FTB 在功能和结构上都与 uFTB 类似，其主要区别就是 FTB 能够容纳更多的 FTB 项，并且 FTB 的预测结果是在 s2 与 s3 通道输出。正是由于容量大，其读出的速度上会比 uFTB 慢，无法被放置在第一周期产生预测结果，但大容量也使它能够获得更加精准的预测结果。

功能概述

缓存更多 FTB 项，为 s2 和 s3 通道提供基础预测结果。 FTB 预测器的本质是一个较大容量的存储器，其会根据当前预测的 PC 读出对应的 FTB 项，并在 s2 阶段产出预测结果。与此同时该 FTB 项还会被再保存一个周期，生成 s3 阶段预测结果。
根据更新请求，更新存储中的 FTB 项。

接收请求

S0阶段时，FTB向内部FTBbank发送读请求，其请求pc值为S0传入的PC.
发送请求的下一拍 S1，暂存从FTB SRAM读出的多路信号。
S2从暂存数据中根据各路tag和实际请求时tag匹配情况生成命中信号并在命中时选出命中的FTB数据，若存在hit请求，则返回值为选出的 FTB 项及命中的路信息。

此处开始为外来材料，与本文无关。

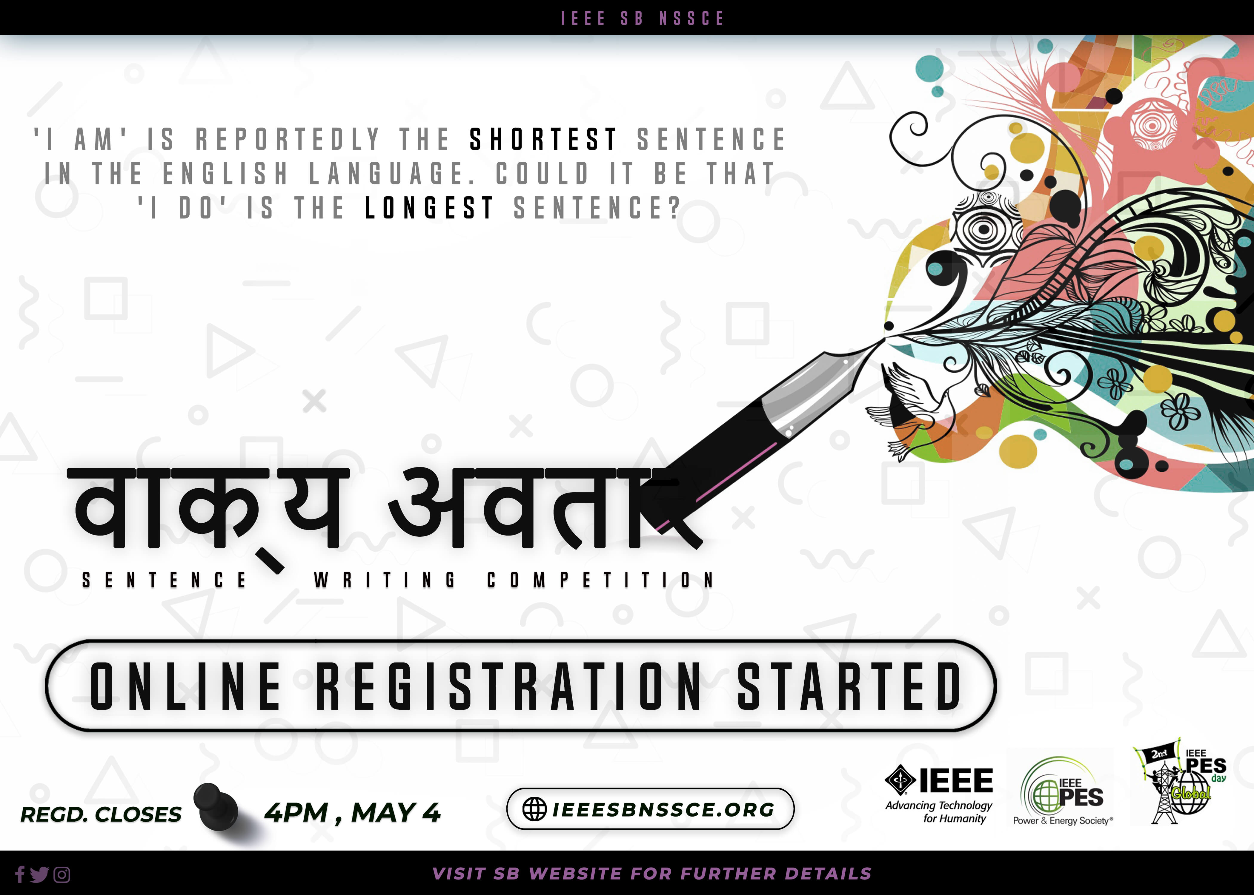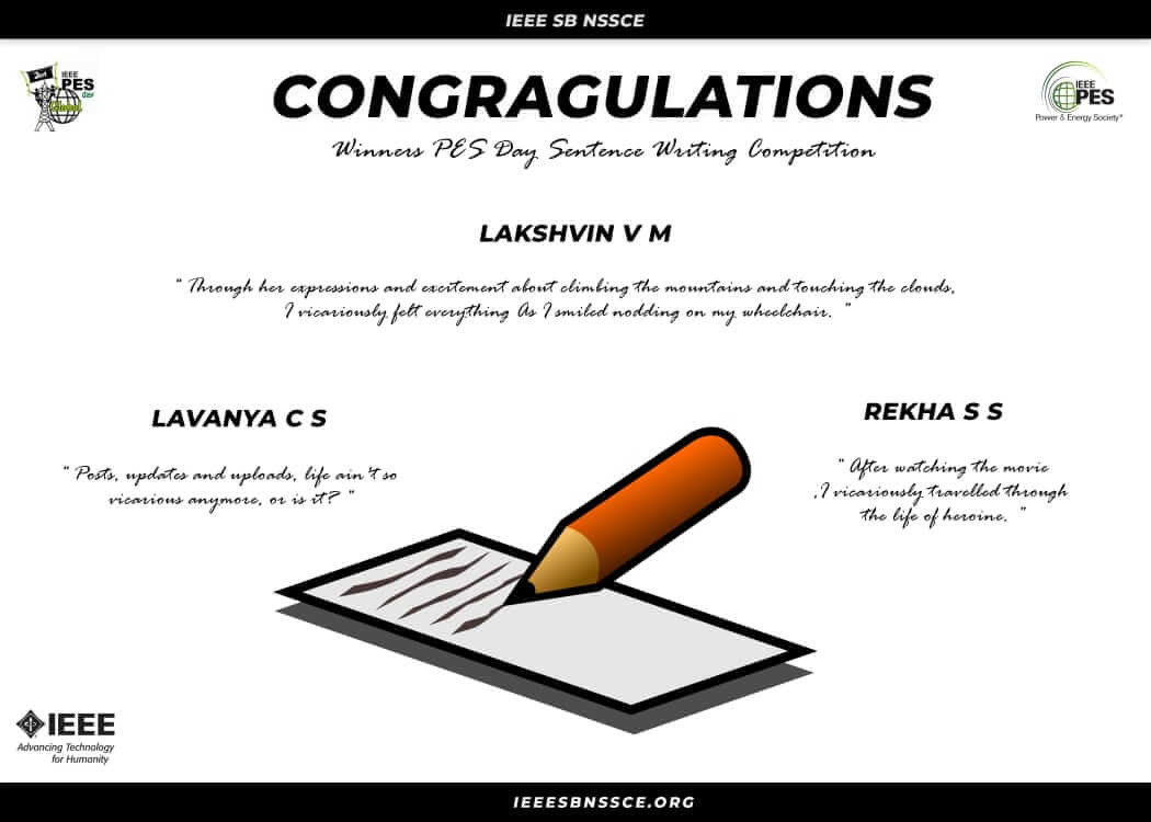 IEEE PES SBC NSSCE conducted an online Sentence Writing Competition on the word vicarious in association with PES Day Celebration. The competition was open to all in Kerala, irrespective fo their qaulifications. The best 3 sentence made with the word vicarious were selected and awarded as winners.

FTBBank 模块读出的数据在FTB模块内作为 2 阶段的预测结果以组合逻辑连线形式在当拍传递给后续预测器，此外这一读出的结果还会被暂存到 FTB 模块内，在 3 阶段作为预测结果再次以组合逻辑连线传递给后续预测器。若 FTB 命中，则读出的命中路编号也会作为 meta 信息在 s3 与命中信息、周期数一起传递给后续 FTQ 模块。

数据更新

收到update请求后，FTB会根据meta中的hit信息来决定更新时间，若meta中为hit，则本拍更新，否则要延迟两周期等待读出FTB内现有结果后更新。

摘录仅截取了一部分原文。